A transcriptome software comparison for the analyses of treatments expected to give subtle gene expression responses

BMC Genomics. 2022 Jun 20;23(1):452. doi: 10.1186/s12864-022-08673-8.

Abstract

Background: In this comparative study we evaluate the performance of four software tools: DNAstar-D (DESeq2), DNAstar-E (edgeR), CLC Genomics and Partek Flow for identification of differentially expressed genes (DEGs) using a transcriptome of E. coli. The RNA-seq data are from the effect of below-background radiation 5.5 nGy total dose (0.2nGy/hr) on E. coli grown shielded from natural radiation 655 m below ground in a pre-World War II steel vault. The gene expression response to three supplemented sources of radiation designed to mimic natural background, 1952 - 5720 nGy in total dose (71-208 nGy/hr), are compared to this "radiation-deprived" treatment. In addition, RNA-seq data of Caenorhabditis elegans nematode from similar radiation treatments was analyzed by three of the software packages.

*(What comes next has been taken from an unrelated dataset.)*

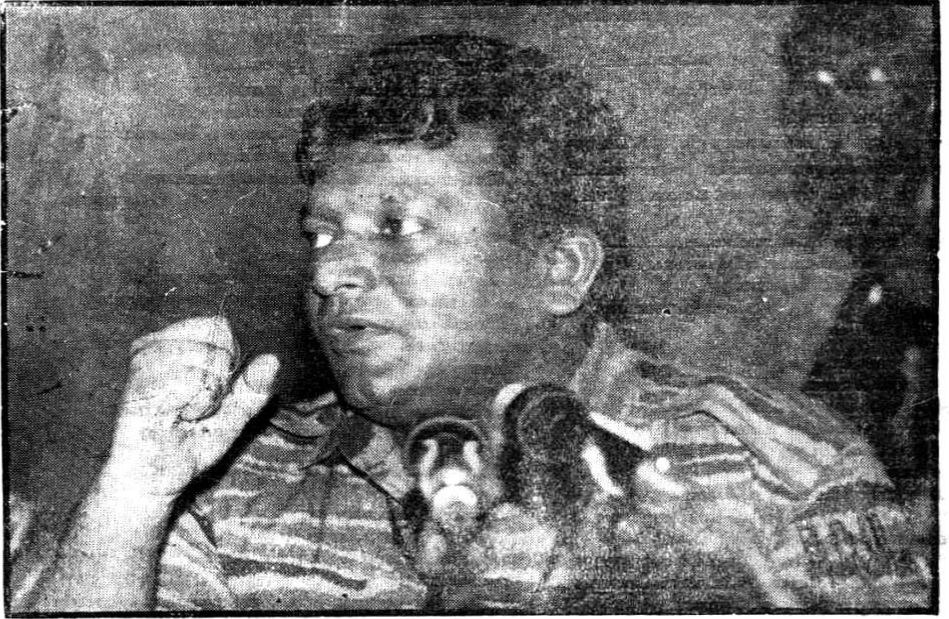
குறைந்த வளங்களை வைத்துக்கொண்டு அதிஉச்ச பயணங்கள் ஒரு மேய் 5

ஜயசிக்குறையின் இராணுவ இலக்கை எய்துவதற்கு எதுவுமே தடையாக இருக்கமாட்டாதென்றே - சிங்களத்தளபதிகள் - இறுமாந்திருந்தனர்.

Results: In E. coli, the four software programs identified one of the supplementary sources of radiation (KCl) to evoke about 5 times more transcribed genes than the minus-radiation treatment (69-114 differentially expressed genes, DEGs), and so the rest of the analyses used this KCl vs "Minus" comparison. After imposing a 30-read minimum cutoff, one of the DNAStar options shared two of the three steps (mapping, normalization, and statistic) with Partek Flow (they both used median of ratios to normalize and the DESeq2 statistical package), and these two programs identified the highest number of DEGs in common with each other (53). In contrast, when the programs used different approaches in each of the three steps, between 31 and 40 DEGs were found in common. Regarding the extent of expression differences, three of the four programs gave high fold-change results (15-178 fold), but one (DNAstar's DESeq2) resulted in more conservative fold-changes (1.5-3.5). In a parallel study comparing three qPCR commercial validation software programs, these programs also gave variable results as to which genes were significantly regulated. Similarly, the C. elegans analysis showed exaggerated fold-changes in CLC and DNAstar's edgeR while DNAstar-D was more conservative.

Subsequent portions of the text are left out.